L’actualité de la crise : UNE DROITE QUI S’ASSUME EN ESPAGNE, par François Leclerc

Billet invité

Fátima Báñez, la ministre de l’emploi et de la sécurité sociale du gouvernement Mariano Rajoy, s’est appuyé sur les derniers chiffres du chômage espagnol (au taux avoisinant 23% en fin d’année), pour justifier sa prochaine réforme du travail.

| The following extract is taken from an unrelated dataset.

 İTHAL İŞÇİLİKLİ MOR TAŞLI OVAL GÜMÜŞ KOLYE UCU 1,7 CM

Avec comme intention déclarée de « redonner confiance aux travailleurs et aux chefs d’entreprise, pour qu’ils puissent surmonter la crise ensemble et que le licenciement soit la dernière option ».

Javier Diaz-Gimenez, économiste à l’IESE Business School de Madrid, a présenté plus crument les objectifs de cet assouplissement de la législation du travail : « la première mesure à prendre est de réduire les coûts du travail, qui sont excessifs, en limitant les indemnités de licenciement, et la deuxième est de se débarrasser des contrats temporaires pour établir un seul contrat à durée indéterminée » (plus facile à interrompre).

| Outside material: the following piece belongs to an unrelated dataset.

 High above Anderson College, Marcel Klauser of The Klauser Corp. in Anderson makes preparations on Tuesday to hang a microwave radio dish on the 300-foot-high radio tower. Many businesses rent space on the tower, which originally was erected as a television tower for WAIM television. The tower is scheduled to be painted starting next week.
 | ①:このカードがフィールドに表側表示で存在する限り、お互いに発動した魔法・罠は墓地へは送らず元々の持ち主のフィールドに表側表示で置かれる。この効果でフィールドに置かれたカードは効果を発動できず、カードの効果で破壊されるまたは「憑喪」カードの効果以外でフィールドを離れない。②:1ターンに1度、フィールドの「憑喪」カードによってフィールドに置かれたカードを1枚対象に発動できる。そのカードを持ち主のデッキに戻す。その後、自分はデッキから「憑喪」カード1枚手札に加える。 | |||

Parallèlement, le nouveau gouvernement tente de faire face à l’endettement des régions pour le réduire et à l’état sinistré du secteur bancaire pour y remédier. A l’intention des premières, étranglées financièrement, une ligne de crédit de 10 milliards d’euros a été ouverte; en contrepartie, le gouvernement entend contrôler les budgets régionaux : toute aide sera conditionnée à l’adoption et la validation par Madrid d’un plan de réduction du déficit, impliquant la poursuite des réductions budgétaires qui affectent déjà les secteurs de la santé et de l’éducation. Madrid procède vis à vis des régions comme il est tenté de le faire au sein de la zone euro.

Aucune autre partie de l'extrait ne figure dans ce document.